Quando acordei novamente, revigorado pelo descanso, coei uma xícara de café e me sentei na poltrona da cozinha com o meu exemplar do livro: “Volta ao mundo em 80 dias”. O marcador estava em um dos capítulos iniciais, e depois de o retirar, continuei a leitura sobre a vida “simples” em que vivia o Mr. Fogg antes de sua famosa viagem.

Gentleman, dono de uma fortuna de origem misteriosa, aproveitava seus ativos de forma moderada. Apesar de possuir uma casa confortável, tirava proveito dela apenas a noite, pois durante o dia frequentava um clube renomado de cavalheiros, lendo jornais, jogando “whist” com os amigos e tomando as refeições.

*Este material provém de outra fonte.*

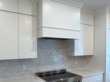 New Two Toned Apartment Kitchen with Thin Shaker Cabinets and a Beautiful Herringbone Laid Tile Backsplash.

O autor prendeu a minha atenção desde o início, pois essas descrições de rotinas calmas e pacíficas costumam ser do meu interesse. Leituras, chás, conversas com bons amigos, situações também abordadas em livros de Jane Austen, Agatha Christie e outros.

Interessante pensar que esses hábitos reclusos no livro eram de um homem abastado, pois acredito que uma das maiores ambições humanas é ter dinheiro e liberdade para viajar pelo mundo. Não pude ler sem admirar a vida do Gentleman e comparar os pontos que a minha tem em comum.

Em Fevereiro de dois mil e vinte, assim como para muitas outras pessoas, ocorreu o início da minha reclusão. Daqui um tempo fará dois anos que não saio da minha pequena cidade. Moro em um sítio, razoavelmente perto de uma vila, também chamada carinhosamente de “Colônia” pelos mais velhos. O mais perto que já cheguei de sair do território dela nesse período foi quando acompanhei o meu tio para comprar pêssegos na rodovia.

A rotina calma descrita por Júlio Verne me lembrou das poucas vezes que vou para a vila fazer compras, e das poucas visitas que fiz aos meus amigos. Apesar de gostar de viagens, não foi tão difícil me acostumar, aproveitei para exercitar o meu lado caseiro. Estudei, escrevi, cuidei dos animais e das manutenções do sítio, criei este site e passei a publicar semanalmente, então essa vida reclusa foi razoavelmente proveitosa. Assim como Mr. Fogg, vou me preparando, estudando e administrando os meus ativos, e quando o vento da aventura soprar, talvez ir há Gramado, Chile ou Baviera.